Для поэтов Русского Зарубежья, как и для поэтов «серебряного века» и их духовных наследников, оставшихся в России, Гумилев стал символом высокого понятия «Честь», поэтом-воином, сумевшим скрестить белую сталь духа с бесчестным большевистским режимом. «Да, одно лишь сокровище есть / У поэта и у человека: / Белой шпагой скрестить свою честь / С черным дулом преступного века»(18), - писал Даниил Андреев в стихотворении «Гумилев».
1921 год, год расстрела Гумилева в красном Петрограде и безвременной смерти Александра Блока, ознаменовал для поколения Нины Берберовой и Владимира Набокова конец великой русской литературы и начало эпохи русского рассеяния. Нина Берберова, последняя любовь Николая Гумилева, так писала о роковом 1921-м: «Лето 1921 года стало черной страницей в истории русской поэзии. Оно незабываемо для всех,  переживших его, никогда этого не забудут. Сологубу, ожидавшему заграничной визы, отказали. От отчаяния его жена бросилась в Неву, и лишь следующей весной нашли ее тело. (…) Гумилев арестован 3 августа и в конце месяца расстрелян. Внезапно все почувствовали себя на краю бездны, стремительно поглощавшей все прекрасное, великое, дорогое, незаменимое»(19). Эмигранты первой волны уносили с собой великую Россию – во Францию, Югославию, Китай или Латинскую Америку. Уносили в дорожных заплечных мешках, как томик любимого поэта. Участники Второго Цеха поэтов – Георгий Иванов, Николай Оцуп, Ирина Одоевцева – посвятили Николаю Гумилеву произведения самых разнообразных жанров: стихотворения, прозу, мемуары, научные исследования.
Образ Николая Гумилева появляется в таких эмигрантских стихотворениях Георгия Иванова, как «Ликование вечной, блаженной весны», «Я люблю безнадежный покой» и других.
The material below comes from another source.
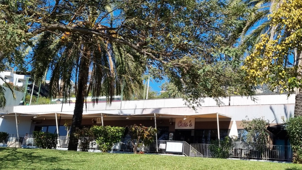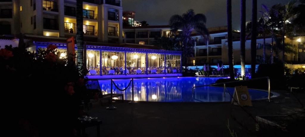 After unpacking and admiring the view from our balcony, we began an orientation walk, initially round the gardens and then through the interior. Eventually we repaired to the Veranda – a poolside bar and café – for lunch.
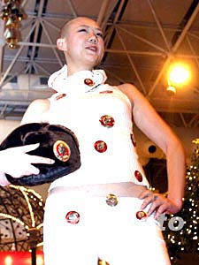 新春佳節(jié)即將來臨,各種聯(lián)誼活動不斷推新,一位光頭模特在聯(lián)誼會上披掛毛主席像章上臺表演。中新社記者:史利

В стихотворении «Ликование вечной, блаженной весны» Россия – это далекая, «зазеркальная» страна-сказка, от которой поэт оторван «эмигрантской былью». Эмигрантская быль в изображении Георгия Иванова необыкновенно прекрасна – это и вечная, блаженная весна, и упоительные соловьиные трели, и магический блеск луны. Пейзаж средиземноморской Франции в этом стихотворении подобен райскому, наделен атрибутами сказочного соловьиного сада, озаренного магическим светом луны. Но этот средиземноморский рай становится для лирического героя стихотворения адом: поэт мечтает о величественной северной столице, где осталось его подлинное «я».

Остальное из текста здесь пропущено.